Recently, various data clustering approaches have been applied among different populations. Nagamine et al [13] used a hypothesis-free approach to find patterns within the symptom range mentioned by patients with heart failure (n=25,861) and characterized these clusters in terms of their distinguishing variables in order to generate characteristics and progression patterns of heart failure. Nicolet et al [14] identified clusters for clinical practice to investigate the patient multimorbidity and complexity of Swiss residents aged ≥50 years (n=18,732) in claims data. Elbattah and Molloy [15] clustered older adult participants in Ireland after a hip fracture into subgroups, in order to better predict the most beneficial care strategy for each patient. Takeshita et al [16] identified 7 clusters of obesity (BMI ≥35 kg/m^2^) in order to tailor interventions based on the data in a health care claims database (n=9494). The abovementioned studies show that using unsupervised ML techniques offers unique opportunities to uncover unexpected insights, identify novel patterns, and elucidate previously unknown connections within large data by taking the approach of exploratory, data-driven, and hypothesis-free analysis. All these studies use the k-means clustering technique. Given these promising results and developments in the field of unsupervised ML techniques, we chose to include new developments in this study.

In particular, we explore in this paper the clustering of a large multidimensional dataset provided by The Maastricht Study. The Maastricht Study is an observational, prospective, population-based, cohort study [17]. Contrary to the aforementioned studies, which rely mainly on health care data, The Maastricht Study data include a broader range of potential variables, including etiology, pathophysiology, complications, and comorbidities of T2DM and other chronic diseases, and are featured by a comprehensive phenotyping approach. This dataset is complex due to the high number of variables, which implies high mathematical dimensionality, including noisy data and outliers. To handle these mathematical characteristics of the data, we choose to apply factor probabilistic distance clustering (FPDC) in this study [18].

The main aim of this study is a methodological exploration to identify potential clusters and relevant variables among individuals with obesity among participants in The Maastricht Study, using a data-driven and hypothesis-free ML approach.

Methods

Ethical Considerations

We used cross-sectional data from The Maastricht Study, an observational, prospective, population-based, cohort study. The rationale and methodology were described previously by Schram et al [19]. The Maastricht Study was approved by the institutional medical ethical committee (NL31329.068.10) and the Minister of Health, Welfare, and Sports of the Netherlands (Permit 131088-105234-PG). All participants gave written informed consent.

Study Population

Eligible for inclusion into this study were participants of The Maastricht Study with obesity. Within The Maastricht Study context, individuals were enlisted through widespread media outreach efforts and by sending invitations through postal mail to those registered in municipal records as well as the regional Diabetes Patient Registry. Recruitment was structured based on the known status of T2DM, with a deliberate emphasis on selecting more individuals with T2DM to ensure operational efficiency as part of The Maastricht Study.

Measurements

The Maastricht Study dataset includes a wide range of variables disaggregated in various general and disease-specific measurements comprising, for example, questionnaire data, physical examinations, and blood and urine examinations.
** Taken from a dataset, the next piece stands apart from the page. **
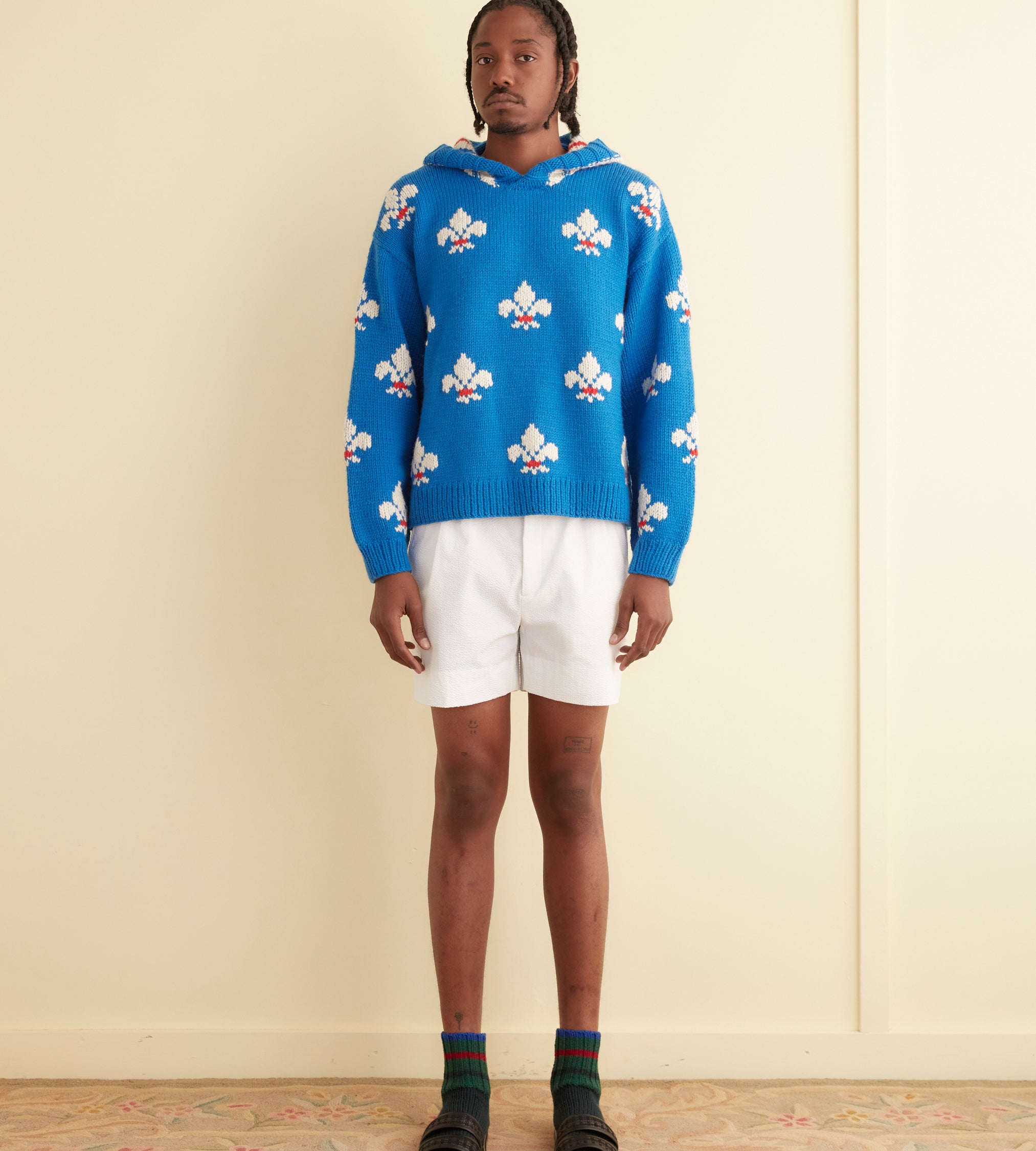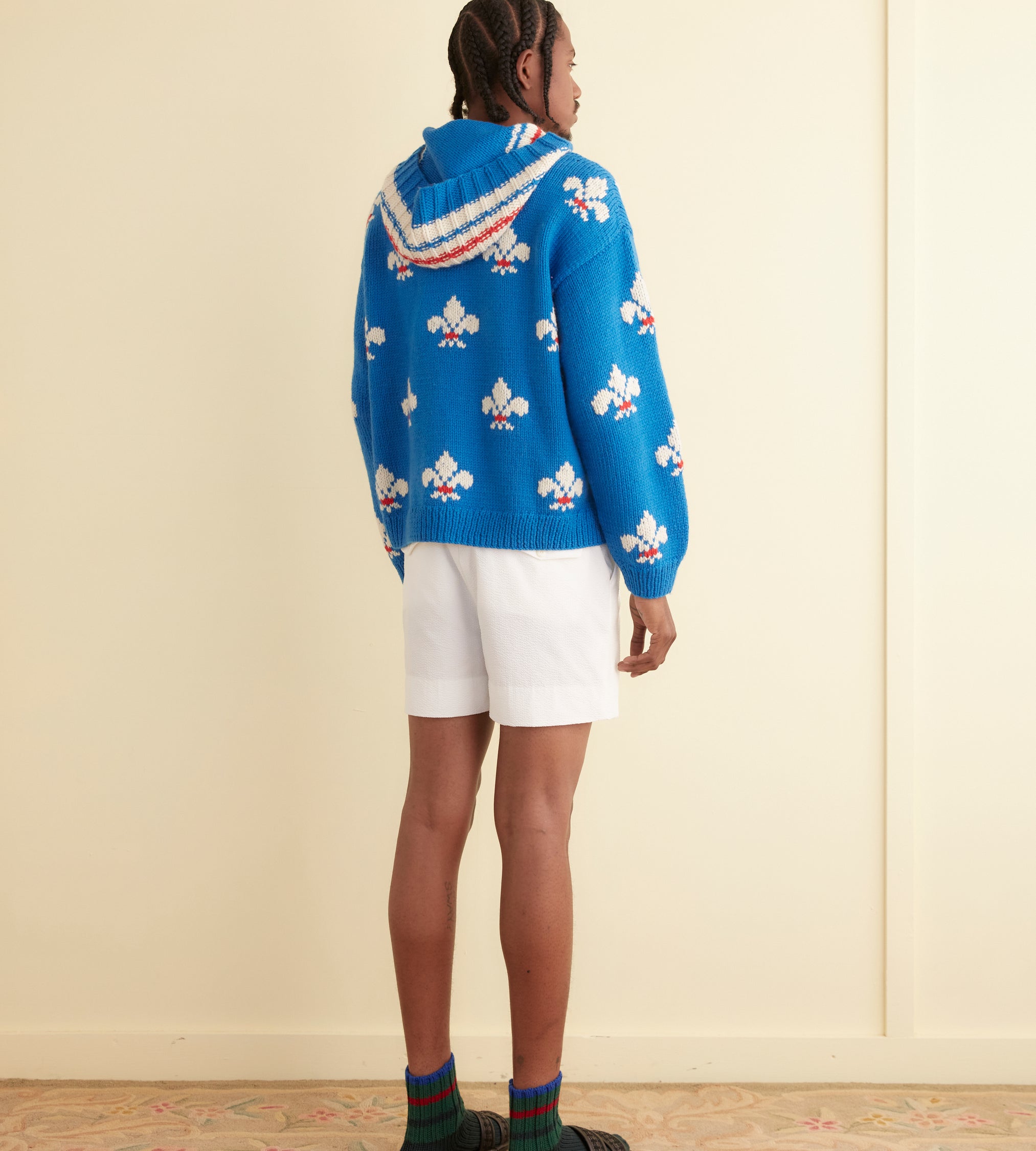This knit is inspired by a hooded sweater from the 1970s. The original sweater likely came from a DIY kit, which were widespread throughout the 1960s and 1970s, especially for crochet and knitting patterns. We replicated its electric blue fleur-de-lis pattern on this hand-knit jacquard hoodie.

For a detailed description of all measurements, see Schram et al [19].

In this study, data were included from all measured variables (2971 variables) of the cross-sectional data from the first 9188 participants who were included in the baseline survey between November 2010 and October 2020. For the specific purpose of our study, data from individuals with obesity were selected for our data analysis within this dataset based on the waist circumference variable. Men with a waist circumference higher than 102 cm (about 3.35 ft) and women with a waist circumference higher than 88 cm (about 2.89 ft) can be defined as being abdominal obese [20,21]. For a detailed description of the variables included, we refer to The Maastricht Study Dictionary [20]. This dictionary provides an overview of the variables included in our study.

Statistical Analysis

Overview

All data were assessed for aberrant measurement data and missing data. One of the steps to prepare the data before clustering was to remove variables with more than 50% missing data from the dataset. To provide more detail on the amount of missing data, an overview of the missingness is given in Figure 1. To impute the missing data in the remaining variables, we used the chained random forests (CRF) method [22,23] from the missRanger package in R. This package allows the use of predictive mean matching. Predictive mean matching ensures an imputed value that (1) occurs in the variables of interest in the case of categorical values and (2) attempts to bring the variance to a realistic size. In this research, all remaining variables were used to fill in the missing values in the data. Random forests have properties that allow them to impute heterogeneous data, unlike most standard methods, and can handle complex, nonlinear relationships in the data automatically [24], with high imputation accuracy [22]. The strength of the ensemble approach, by using random forest, lies in combining the predictions of multiple trees, which ensures a more reliable usage of the patterns underneath the data. Linear or distance-based methods struggle to capture this data structure and these underlying patterns. This feature of CRF makes the clustering, based on the decomposition into factors, more reflective of the actual data structure and underlying patterns. Another important feature of CRF is the ability to handle high-dimensional data, without overfitting [25]. This is in contrast to methods like k-nearest neighbors, which suffer in high dimensional space [26], and work well when no assumptions are made regarding the different types of missingness [27]. These properties led to the conviction that CRF is a suitable choice to impute this high-dimensional dataset when keeping the aim—to cluster the data—in mind. Further handling of missing data including data imputation is described in Multimedia Appendix 1. Data were standardized before inclusion.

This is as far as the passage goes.